Pandangan Aster mengabur. Nyawanya belum terkumpul sempurna. Telinga dibisingkan oleh dering jam berbentuk apel yang ia letakkan di sudut meja. Tertutup jejeran buku-buku pelajaran.
Aster menutup mulut. "Hoam!" Ia mengambil jam mungil tersebut, sambil tangan satunya mengucek mata. Jarum jam pendek mendekati angka enam dan jarum jam panjang di angka sepuluh tepat.
Hari ini, Aster sudah pasti terlambat. Bukan itu yang dia pikirkan. Aster merasa perlu melihat tanggal di hape. Ia pun membuka laci bawah dengan kaki kanan dan menekan tombol tengah pada layar ponsel menggunakan jempol kaki.
Hari Senin, tanggal yang sama ketika tertidur di jam kosong Bu Imel. Aster mengerutkan dahi. Apa sekarang rohnya jalan-jalan ke masa lalu? Kaki Aster menendang laci frustrasi.
Aster mengusap wajah kasar. Itu artinya, Aster melanjutkan waktu di mana ia belajar sampai dini hari. Otaknya sangat lelah mengartikan semua kejadian aneh ini. Tak berminat menambah beban pikiran, Aster pun menutup buku berisi tulisan miring, lalu dimasukkannya ke dalam ransel merah.

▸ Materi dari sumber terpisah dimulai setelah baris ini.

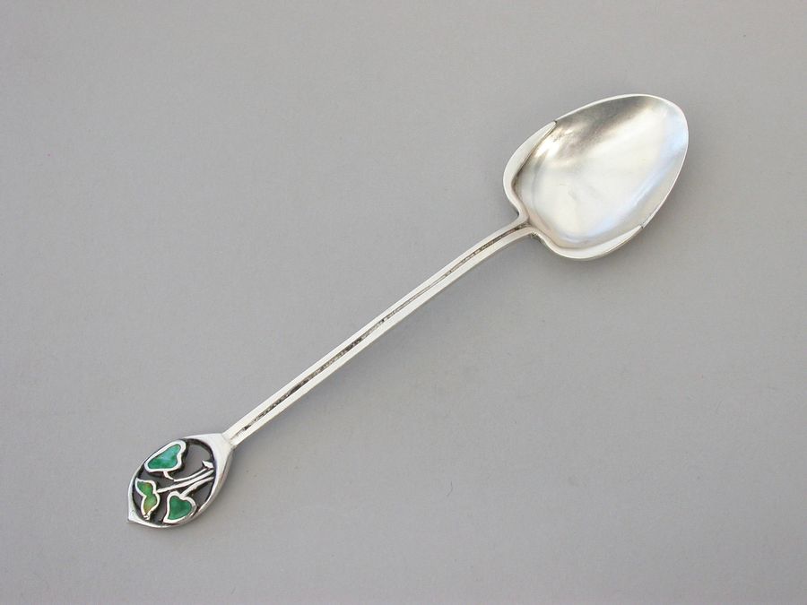 Arts & Crafts Silver & Enamel Teaspoon - Archibald Knox CYMRIC

Dia harus cepat bersiap menimba ilmu.
Sepanjang perjalanan menuju sekolah, pikirannya masih dilanda kebingungan (lagi). Pasalnya hari ini tidak ada kelas Bu Imel, dan memang Bu Imel tidak mengajar murid kelas delapan.
Sibuk berpikir, sampai Aster tidak memperhatikan langkah sepatu menyusuri lorong sepi. Semua penghuni sudah menempatkan diri di bangku masing-masing. Dari jendela transparan, Aster melihat teman-teman fokus mendengar guru menyampaikan materi.
Aster berbelok tajam tanpa melihat kiri kanan apakah ada orang. Tubuhnya terhuyung. "Awh, lo kalau jalan pake mata dong!" hardiknya sambil memegang bahu yang terhantam sudut meja.
Dua siswa di depannya saling menatap. Laki-laki berjambul setinggi Monas tersenyum meremehkan. "Beri jalan, Dek. Kami mau lewat."
Dek?
Aster menatap tak menyangka. Baru menyadari jas yang mereka kenakan berbeda warna. Mereka memakai jas hijau, sedangkan Aster memakai jas hitam. Pemilik jas hijau hanya angkatan kelas sembilan. Ia pun terpaksa mundur sambil menahan nyeri di area sendi putar.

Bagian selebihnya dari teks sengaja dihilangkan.